§ Dataset
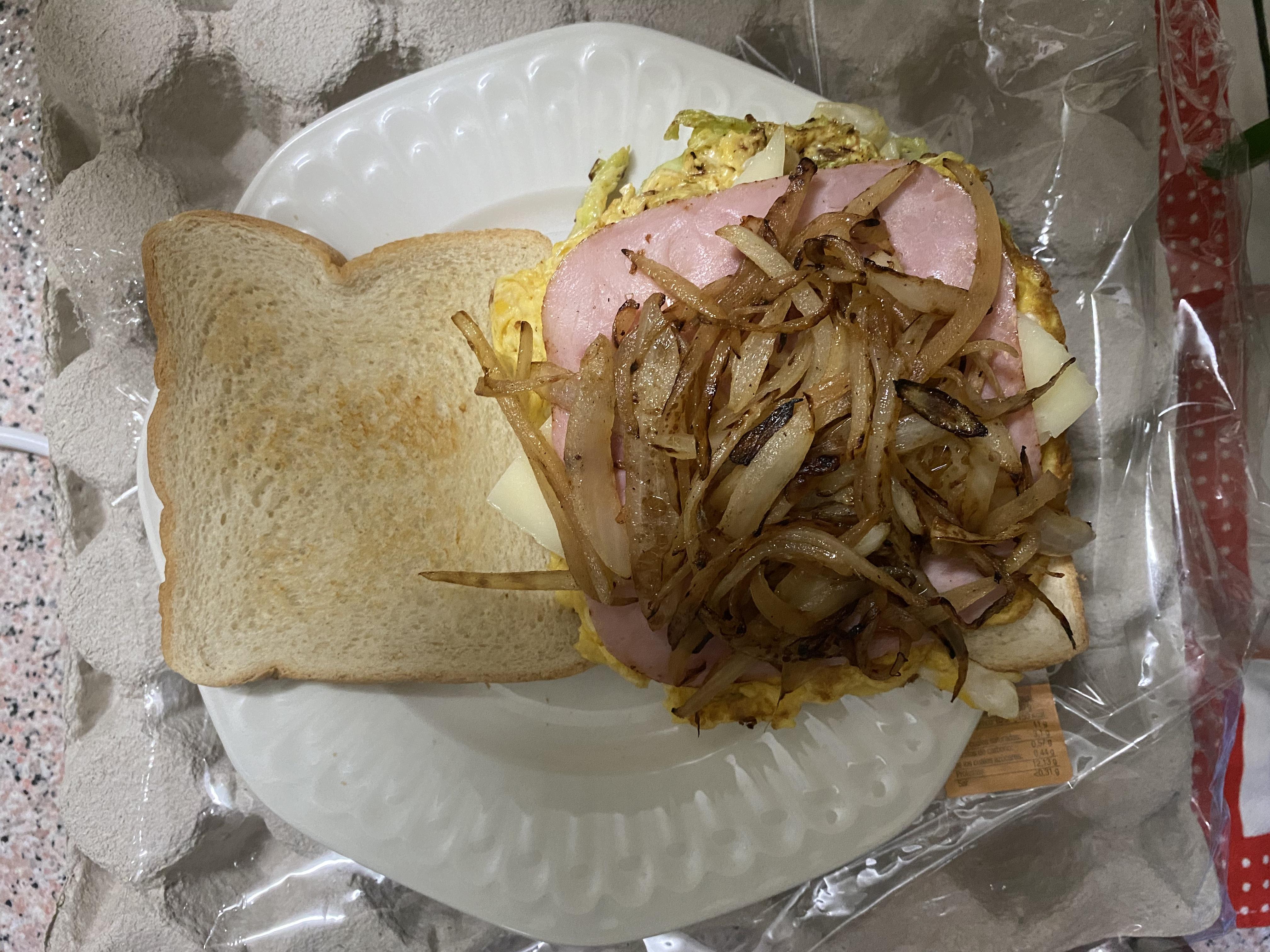 구운 빵위에 계란을 얹고, 치즈를 얹고, 햄까지 얹어서, 그 위에 양파 카라멜라이징?을 얹어줬다.
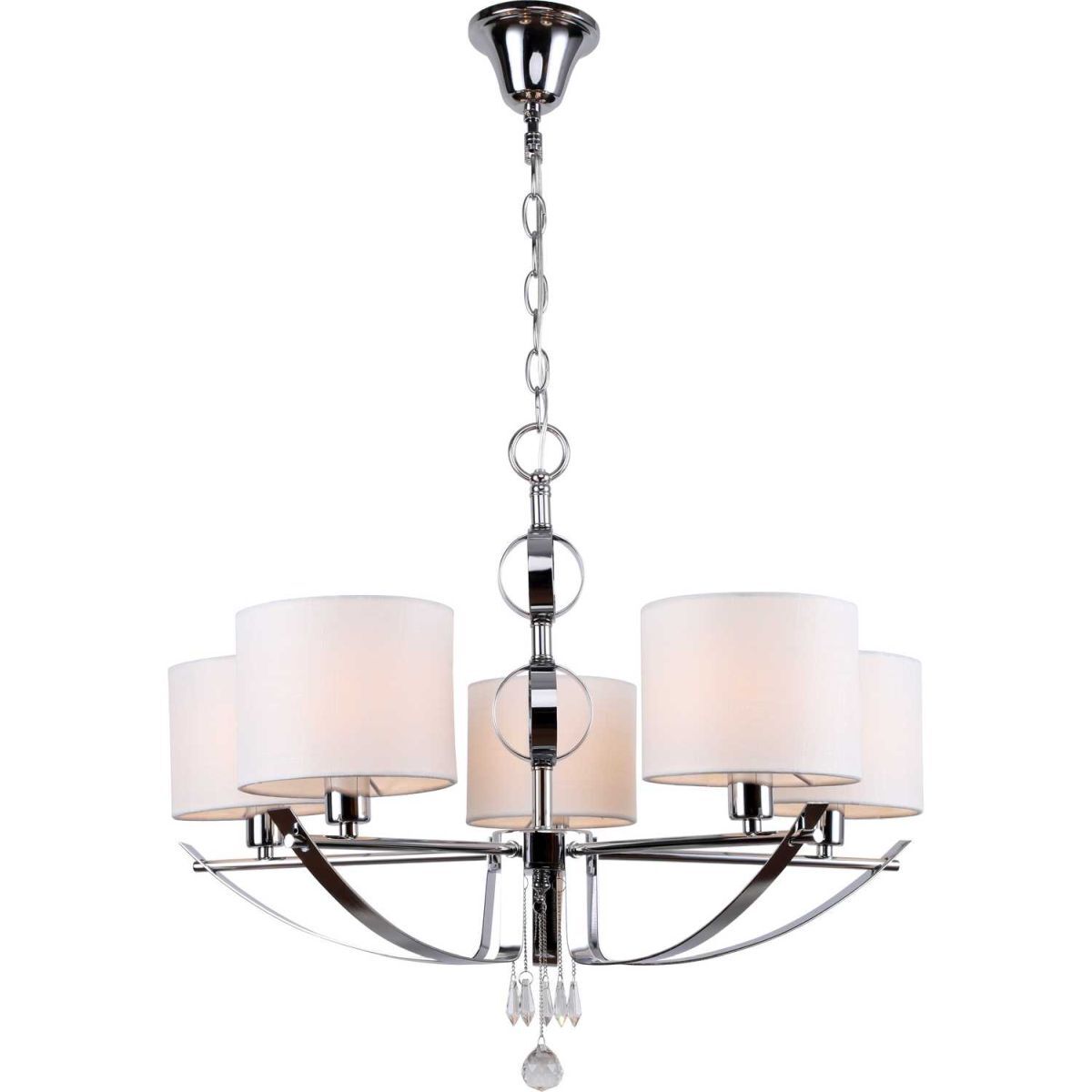 Люстра подвесная из коллекции Dora выполнена из металла, гальванизированного в цвет хрома, и декорирована цилиндрическими текстильными абажурами белого цвета с термостойким акрилом внутри и хрустальными подвесками каплевидной формы и формы шара.
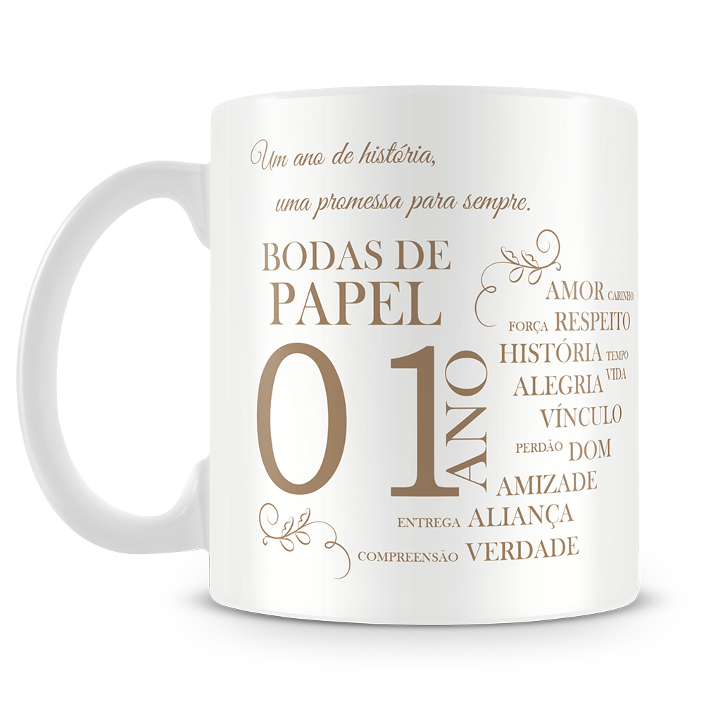 A Caneca Bodas de Papel é o presente perfeito para celebrar 1 ano de casamento com carinho, significado e uma lembrança que será usada todos os dias.
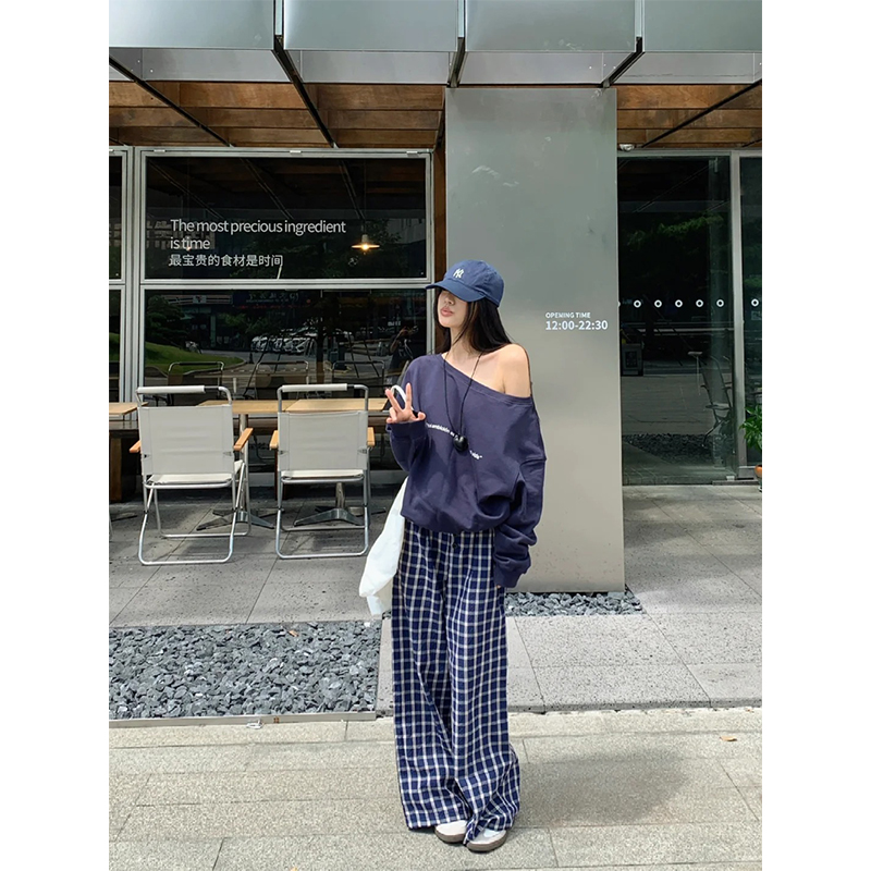 肩開きデザインが魅力的なレディースネイビーゆるだぼスウェットコーデ
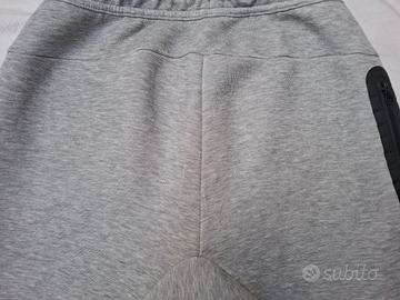 Realizzati in morbido misto cotone fleece tech che assicura comfort e leggerezza, taglia L (147-158cm, 12-13 anni), vestibilità standard, colore grigio chiaro melange, materiale 57% cotone, 43% poliestere, chiusura a stringa, iconico logo Swoosh sulla coscia, fascia elastica in vita a 3 canali con coulisse e chiusura a stringa e polsino elastico sulle caviglie, tasche oblique e tasca extra con zip posizionata sul fianco destro. Altrove in ottimo stato, presenta sulla parte posteriore qualche segno di tessuto usurato. Pagati in negozio € 69,90.

§ About this exercise
Your answer must be the full listing, word for word, minus any images.

§ Task solution
 구운 빵위에 계란을 얹고, 치즈를 얹고, 햄까지 얹어서, 그 위에 양파 카라멜라이징?을 얹어줬다.
 Люстра подвесная из коллекции Dora выполнена из металла, гальванизированного в цвет хрома, и декорирована цилиндрическими текстильными абажурами белого цвета с термостойким акрилом внутри и хрустальными подвесками каплевидной формы и формы шара.
 A Caneca Bodas de Papel é o presente perfeito para celebrar 1 ano de casamento com carinho, significado e uma lembrança que será usada todos os dias.
 肩開きデザインが魅力的なレディースネイビーゆるだぼスウェットコーデ
 Realizzati in morbido misto cotone fleece tech che assicura comfort e leggerezza, taglia L (147-158cm, 12-13 anni), vestibilità standard, colore grigio chiaro melange, materiale 57% cotone, 43% poliestere, chiusura a stringa, iconico logo Swoosh sulla coscia, fascia elastica in vita a 3 canali con coulisse e chiusura a stringa e polsino elastico sulle caviglie, tasche oblique e tasca extra con zip posizionata sul fianco destro. Altrove in ottimo stato, presenta sulla parte posteriore qualche segno di tessuto usurato. Pagati in negozio € 69,90.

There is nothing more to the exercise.